• **WHAT NEEDS TO BE DONE**
Using the entries that follow, transcribe only the lines from the line with "홈페이지에서 확인 가능하다." to the line with "(١) ينظر: المغني", both included, exactly as they stand and without pictures.

• **SOURCE MATERIAL**
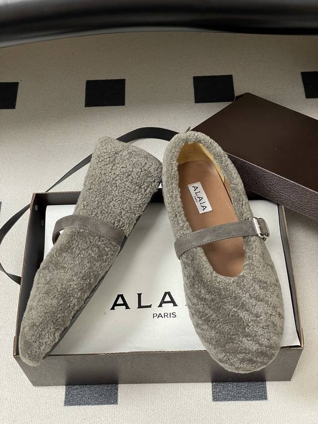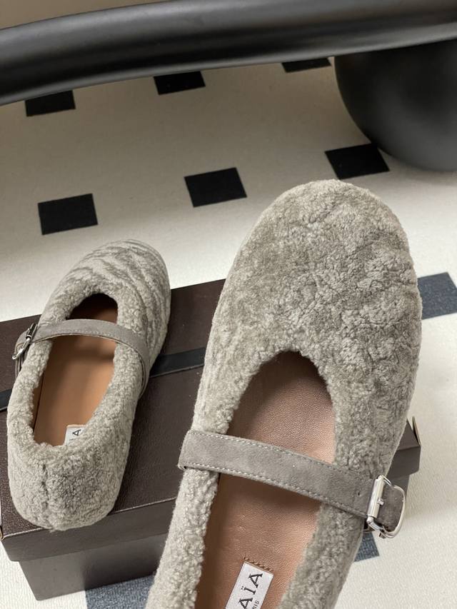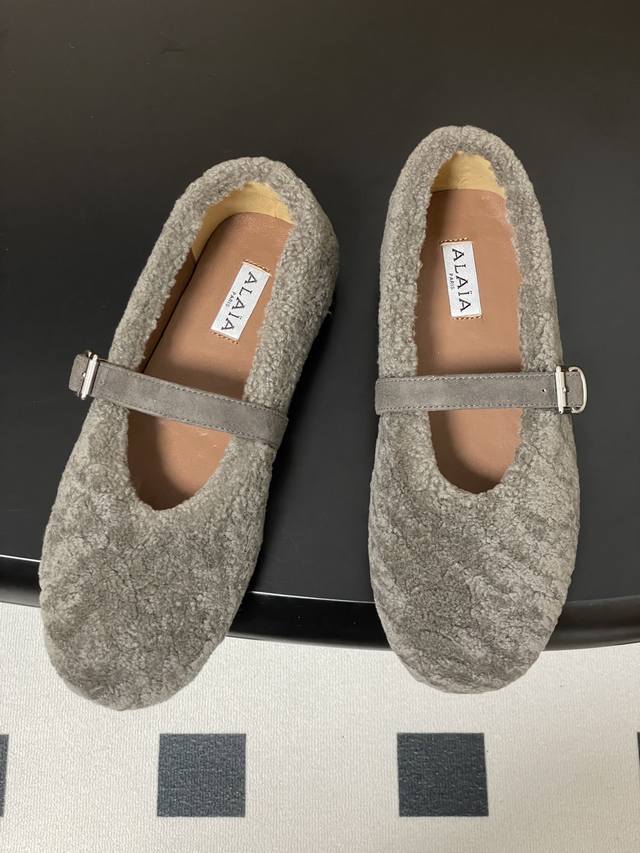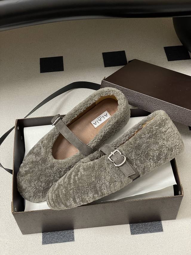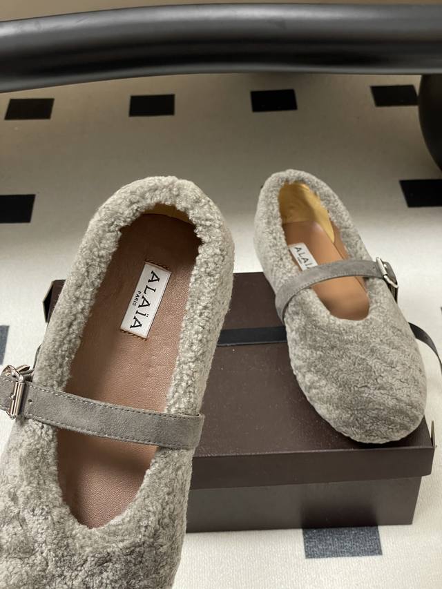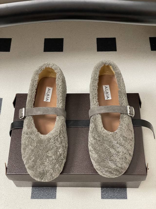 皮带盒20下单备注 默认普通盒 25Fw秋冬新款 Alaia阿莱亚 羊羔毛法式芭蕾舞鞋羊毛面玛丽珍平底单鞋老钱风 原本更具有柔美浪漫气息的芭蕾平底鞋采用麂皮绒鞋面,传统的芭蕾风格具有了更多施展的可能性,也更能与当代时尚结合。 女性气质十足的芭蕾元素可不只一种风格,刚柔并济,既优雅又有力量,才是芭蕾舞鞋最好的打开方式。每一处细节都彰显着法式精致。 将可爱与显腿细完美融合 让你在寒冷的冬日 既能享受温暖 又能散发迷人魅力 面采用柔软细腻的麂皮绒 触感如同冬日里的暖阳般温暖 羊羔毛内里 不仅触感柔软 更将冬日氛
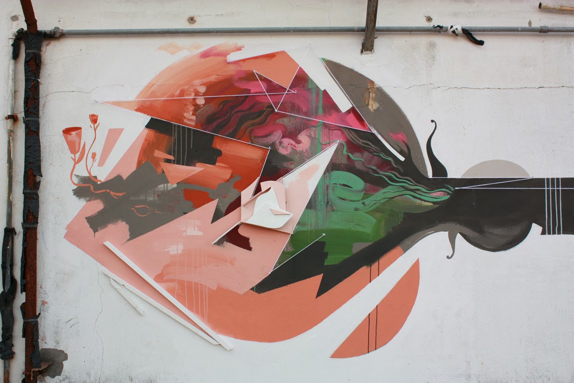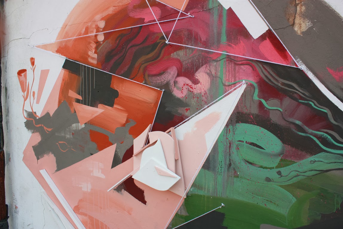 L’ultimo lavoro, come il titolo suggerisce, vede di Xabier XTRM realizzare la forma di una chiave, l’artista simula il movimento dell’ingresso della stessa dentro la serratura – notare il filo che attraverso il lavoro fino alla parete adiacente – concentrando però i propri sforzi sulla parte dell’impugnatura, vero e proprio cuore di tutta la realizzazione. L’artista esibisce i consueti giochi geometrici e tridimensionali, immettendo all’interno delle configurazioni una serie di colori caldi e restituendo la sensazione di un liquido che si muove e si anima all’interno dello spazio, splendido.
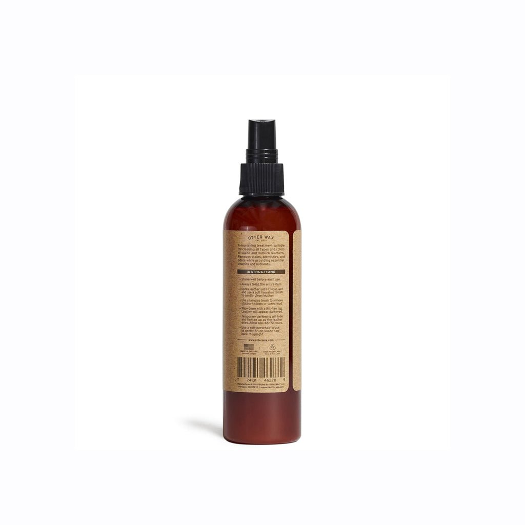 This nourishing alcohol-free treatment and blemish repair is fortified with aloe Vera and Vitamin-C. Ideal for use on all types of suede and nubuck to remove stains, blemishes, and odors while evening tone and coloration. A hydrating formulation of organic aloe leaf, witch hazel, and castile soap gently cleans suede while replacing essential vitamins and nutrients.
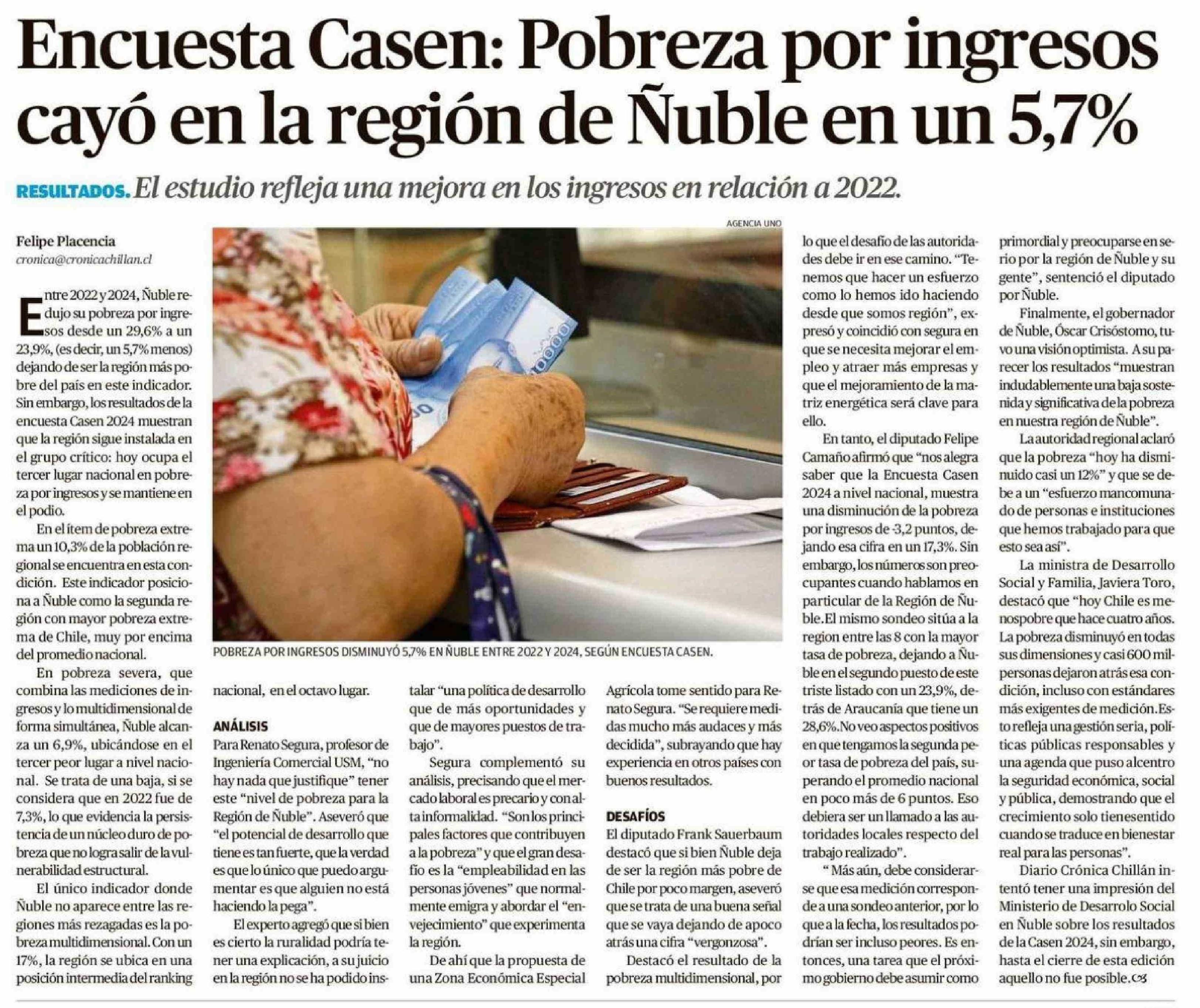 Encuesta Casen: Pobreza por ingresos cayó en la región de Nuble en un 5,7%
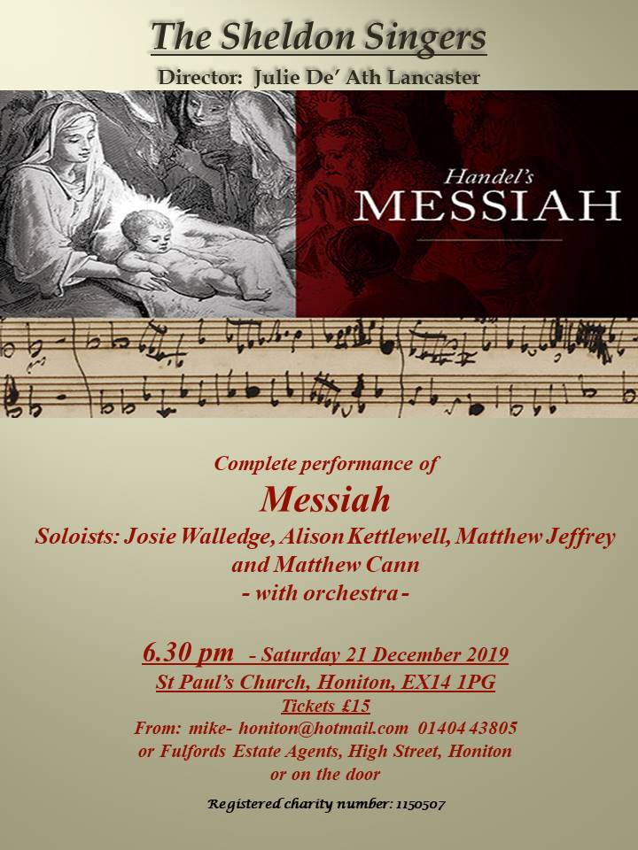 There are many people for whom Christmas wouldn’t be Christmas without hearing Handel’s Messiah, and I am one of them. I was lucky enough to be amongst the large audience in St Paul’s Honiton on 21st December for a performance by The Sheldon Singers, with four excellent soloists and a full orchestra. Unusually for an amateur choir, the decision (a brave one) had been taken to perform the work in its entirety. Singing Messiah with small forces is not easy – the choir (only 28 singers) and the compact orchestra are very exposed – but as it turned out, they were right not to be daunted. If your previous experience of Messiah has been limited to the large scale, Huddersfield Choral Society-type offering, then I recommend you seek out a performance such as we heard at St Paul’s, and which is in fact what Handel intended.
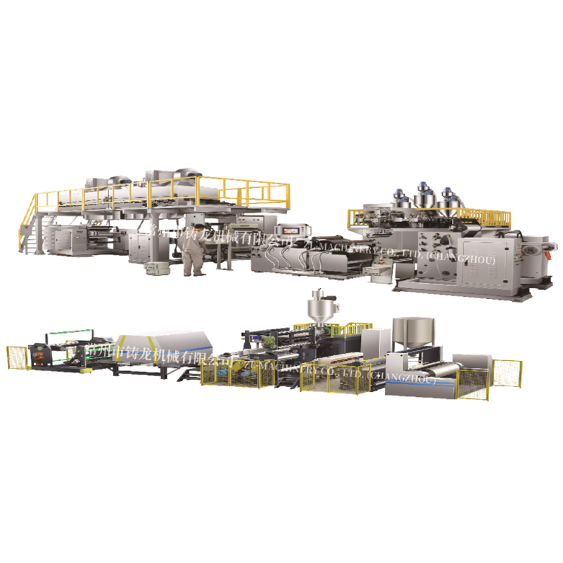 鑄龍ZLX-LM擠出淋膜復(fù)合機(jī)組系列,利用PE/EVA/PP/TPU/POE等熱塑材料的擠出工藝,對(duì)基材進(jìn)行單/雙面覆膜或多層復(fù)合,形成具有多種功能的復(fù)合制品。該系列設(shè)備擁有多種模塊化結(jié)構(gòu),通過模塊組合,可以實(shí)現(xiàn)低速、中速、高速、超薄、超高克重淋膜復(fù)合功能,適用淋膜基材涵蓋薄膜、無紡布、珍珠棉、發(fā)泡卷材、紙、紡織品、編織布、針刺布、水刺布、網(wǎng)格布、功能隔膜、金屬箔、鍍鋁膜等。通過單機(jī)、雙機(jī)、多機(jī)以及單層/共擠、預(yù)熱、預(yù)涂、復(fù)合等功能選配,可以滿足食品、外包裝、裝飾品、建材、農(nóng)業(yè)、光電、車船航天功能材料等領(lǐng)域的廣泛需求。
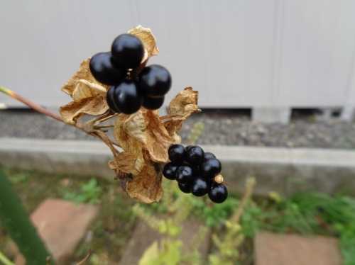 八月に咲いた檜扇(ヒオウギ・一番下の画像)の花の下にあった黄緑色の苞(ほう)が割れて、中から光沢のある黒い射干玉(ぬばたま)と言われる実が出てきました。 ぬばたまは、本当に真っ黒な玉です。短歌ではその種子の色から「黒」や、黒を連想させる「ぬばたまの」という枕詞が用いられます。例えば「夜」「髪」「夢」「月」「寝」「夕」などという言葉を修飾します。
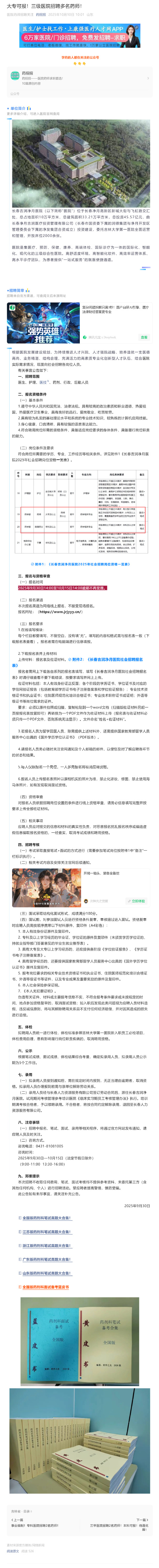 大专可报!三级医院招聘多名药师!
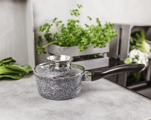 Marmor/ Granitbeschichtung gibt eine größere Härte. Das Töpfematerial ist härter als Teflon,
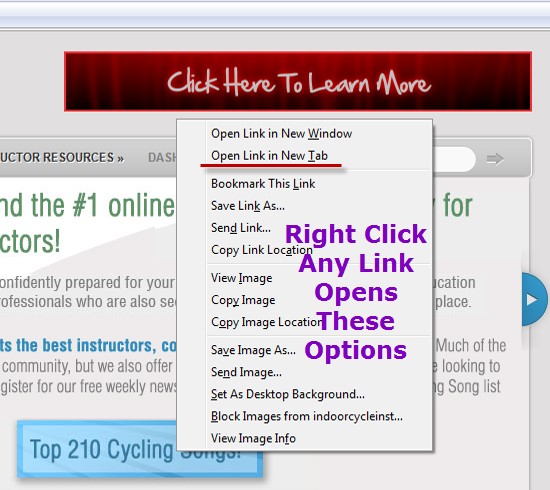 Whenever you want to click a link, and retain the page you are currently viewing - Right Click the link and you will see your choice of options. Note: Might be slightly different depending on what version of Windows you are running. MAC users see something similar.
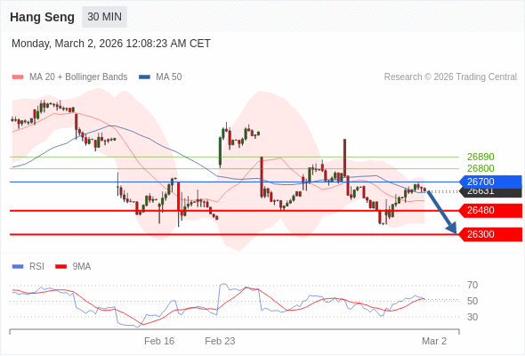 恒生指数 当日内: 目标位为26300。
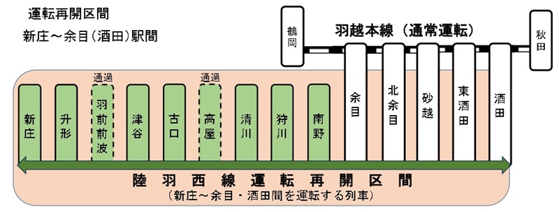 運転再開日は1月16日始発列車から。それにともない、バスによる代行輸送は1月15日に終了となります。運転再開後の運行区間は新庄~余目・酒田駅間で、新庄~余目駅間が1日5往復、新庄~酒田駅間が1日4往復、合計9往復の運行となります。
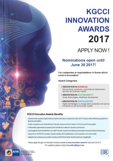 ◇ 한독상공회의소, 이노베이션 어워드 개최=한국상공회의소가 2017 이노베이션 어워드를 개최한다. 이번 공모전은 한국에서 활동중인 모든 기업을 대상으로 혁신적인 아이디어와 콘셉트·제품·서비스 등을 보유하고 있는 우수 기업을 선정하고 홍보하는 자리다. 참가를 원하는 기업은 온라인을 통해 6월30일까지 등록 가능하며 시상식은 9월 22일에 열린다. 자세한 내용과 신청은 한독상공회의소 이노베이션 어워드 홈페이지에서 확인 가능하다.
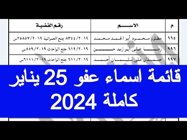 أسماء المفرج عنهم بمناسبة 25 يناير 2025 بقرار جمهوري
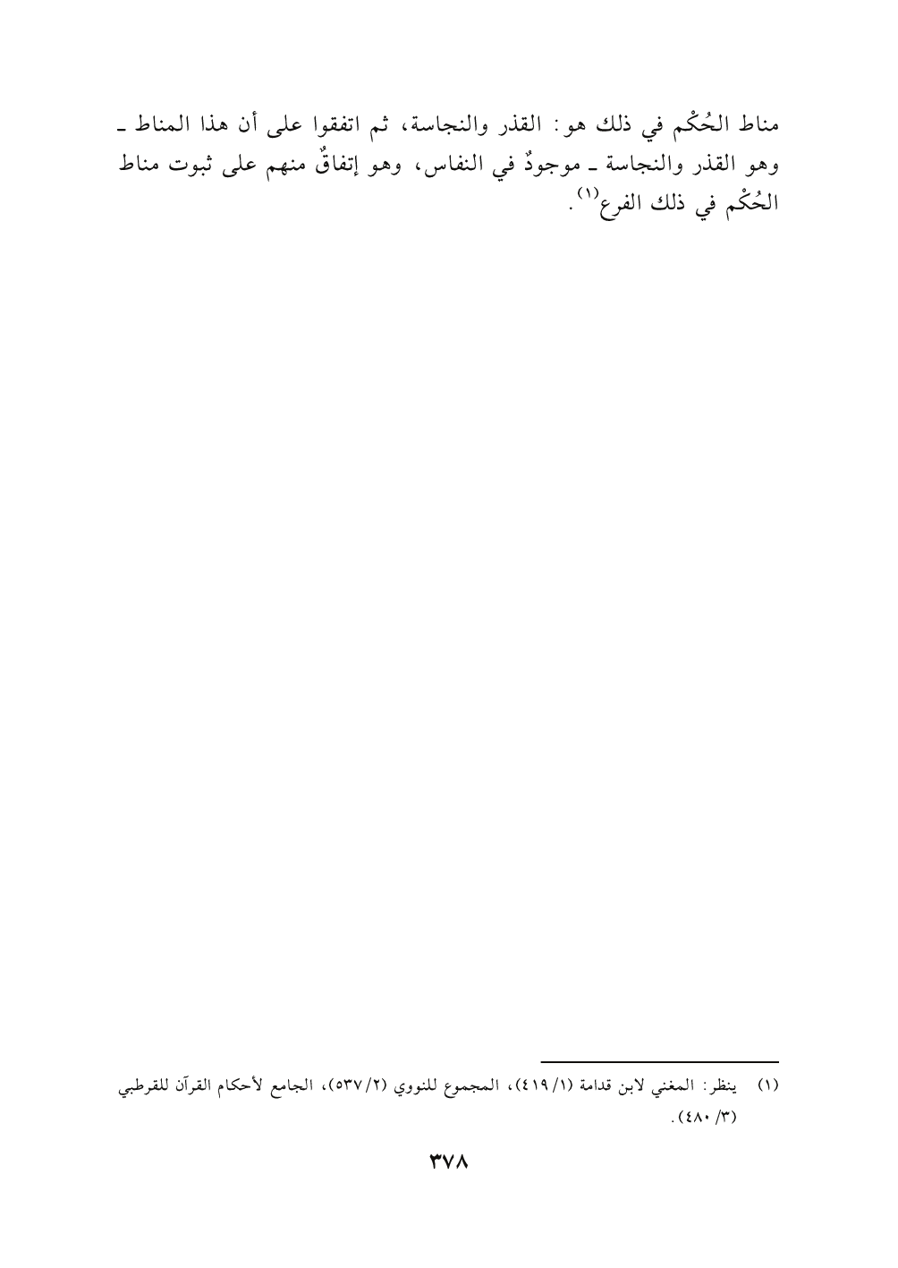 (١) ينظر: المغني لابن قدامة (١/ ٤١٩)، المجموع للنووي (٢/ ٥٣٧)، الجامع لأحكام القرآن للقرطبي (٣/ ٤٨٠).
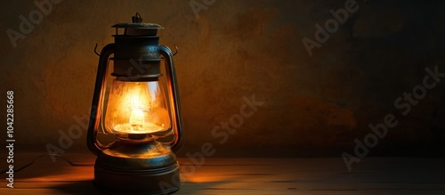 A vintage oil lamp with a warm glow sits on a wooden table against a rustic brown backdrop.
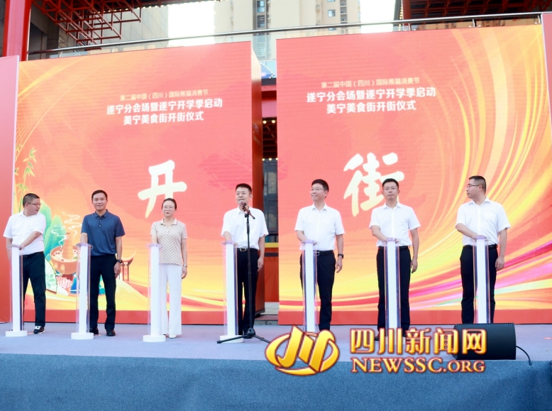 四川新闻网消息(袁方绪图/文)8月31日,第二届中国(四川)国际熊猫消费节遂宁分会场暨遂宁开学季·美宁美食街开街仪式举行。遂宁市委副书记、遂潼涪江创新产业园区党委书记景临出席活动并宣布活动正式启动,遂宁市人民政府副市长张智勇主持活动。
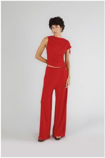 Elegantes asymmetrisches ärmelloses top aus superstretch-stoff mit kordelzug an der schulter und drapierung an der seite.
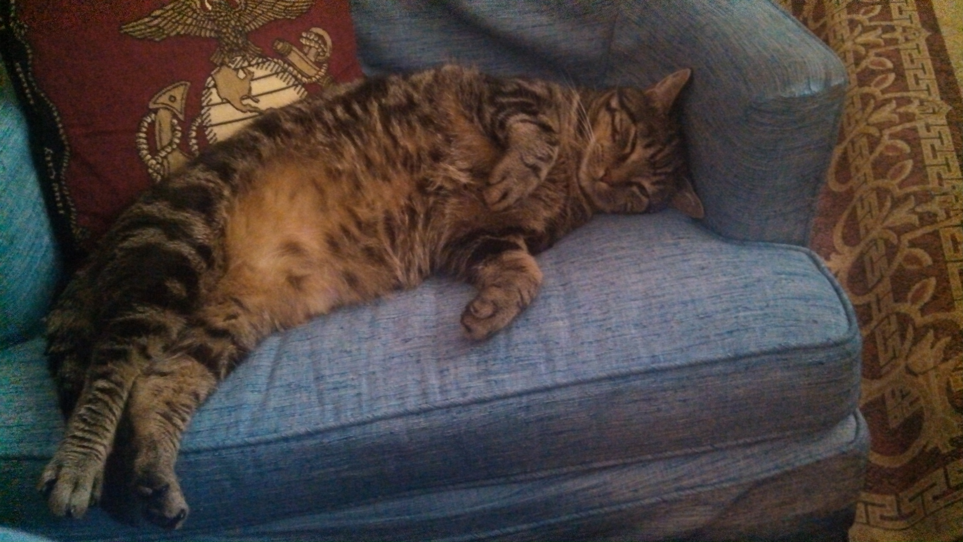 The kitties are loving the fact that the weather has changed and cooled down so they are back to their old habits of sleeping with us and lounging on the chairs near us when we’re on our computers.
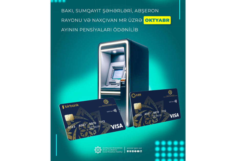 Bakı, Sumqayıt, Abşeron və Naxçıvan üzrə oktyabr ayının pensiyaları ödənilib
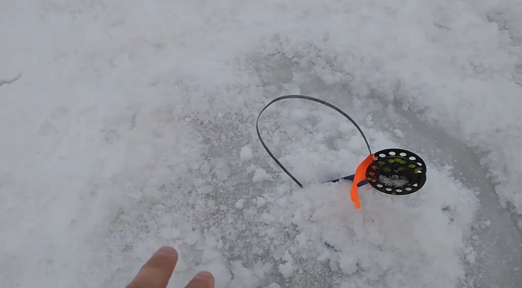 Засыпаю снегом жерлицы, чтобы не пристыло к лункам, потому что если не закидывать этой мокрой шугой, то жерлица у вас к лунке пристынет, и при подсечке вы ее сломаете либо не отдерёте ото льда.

• **OUTPUT OF THE EXERCISE**
 ◇ 한독상공회의소, 이노베이션 어워드 개최=한국상공회의소가 2017 이노베이션 어워드를 개최한다. 이번 공모전은 한국에서 활동중인 모든 기업을 대상으로 혁신적인 아이디어와 콘셉트·제품·서비스 등을 보유하고 있는 우수 기업을 선정하고 홍보하는 자리다. 참가를 원하는 기업은 온라인을 통해 6월30일까지 등록 가능하며 시상식은 9월 22일에 열린다. 자세한 내용과 신청은 한독상공회의소 이노베이션 어워드 홈페이지에서 확인 가능하다.
 أسماء المفرج عنهم بمناسبة 25 يناير 2025 بقرار جمهوري
 (١) ينظر: المغني لابن قدامة (١/ ٤١٩)، المجموع للنووي (٢/ ٥٣٧)، الجامع لأحكام القرآن للقرطبي (٣/ ٤٨٠).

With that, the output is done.